When Polish director Andrzej Żuławski died of cancer at 75, he left behind a dream-like filmography of nightmares and dreamscapes spanning across nearly 45 years, which were occasionally plagued by censorship and have all settled into some form of newfound cult status following his death in 2016.

Żuławski's work tends to feature a blurring of reality coupled with the thinly veiled hostility within familial relations, a pairing of horrors best exhibited in his 1981 drama "Possession."

The movie follows an emotional, fraught adulterer, played by Isabelle Adjani, and her possessive, jealous husband, played by Sam Neill, as the former routinely abandons their young son, Bob, to reside and fornicate with a bloodied, tentacular monster who apparently takes hold of her psyche in unspeakable ways.

Anna and Mark, played by Adjani and Neill respectively, are navigating a crumbling marriage afflicted with violence and deception when Mark discovers his wife's adulterous affair with the pseudo-intellectual Heinrich, and Anna's erratic behavior begins to mutate into something much more frightening. Within the movie’s first 30 minutes, viewers are urged to divert their gaze by multiple depictions of nauseating domestic violence and deceit.

Ultimately, "Possession" is a story about man and woman attempting to control and mold the other into a faultless iteration of a lover. Through sex, violence, manipulation and deceit, both Anna and Mark spiral into a state of alienated delirium as they simultaneously attempt to force one another to take up a new, ideal persona.

As the movie progresses, Adjani enters the plot as a new character; Helen, a teacher at Bob's school, who Mark begins a relationship with. It's unclear whether Helen exists as a separate entity from Anna or is merely Mark's idealized vision of her, a woman who has not been engulfed by the tentacular monster, who ultimately turns out to be her husband, like Anna has.

"'Possession' was born of a totally private experience," Żuławski said in a 2012 interview after his masterpiece was shown at New York City's Film Forum. "Please believe me, it's mentally very disturbing to see that your very private little film became something in which so many people recognize something of themselves. Thirty years later I’m still thinking about it."

While the surreal dismay of the film's subjects feels almost too occult to be informed by reality, Żuławski actually penned the script with Frederic Tuten after the former's marriage to Małgorzata Braunek, mother of his son Xawery, ended in divorce in 1976, similar to the three main characters in "Possession." Some critics have suggested that Żuławski and Tuten also pulled inspiration from Leo Tolstoy's "Anna Karenina" in designing their portrait of male rage and his expression of affection as violence and self-mutilation.

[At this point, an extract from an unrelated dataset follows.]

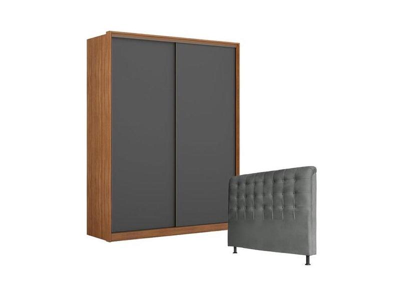 Guarda Roupa Épico 2 Portas Amêndola Grafito Com Cabeceira Ana 140 Cm

What really makes "Possession" so unnerving is Adjani and Neill's performances, with both actors delivering stunning illustrations of emotionally complex characters bombarded by external factors that further strain an already volatile marriage. One of the more notable scenes depicts an unhinged Anna suffering a miscarriage as she flails about in a subway, bone-chilling screams escaping her and unidentifiable liquids gushing out from every orifice.

Żuławski has called actors "complete, incomprehensible human beings," which I interpret as an assertion that actors may be more fully fleshed than the layman. Actors are wedged between reality and fiction and employed to inhabit and convey the life and worldview of a stranger, whose actions and motivations can be controlled by a director to a certain degree, but are ultimately informed by the actor's own relationship to the life they step into. 

Adjani has said in an interview that playing Anna forced her to seek years of therapy from the mental toll the role took on her.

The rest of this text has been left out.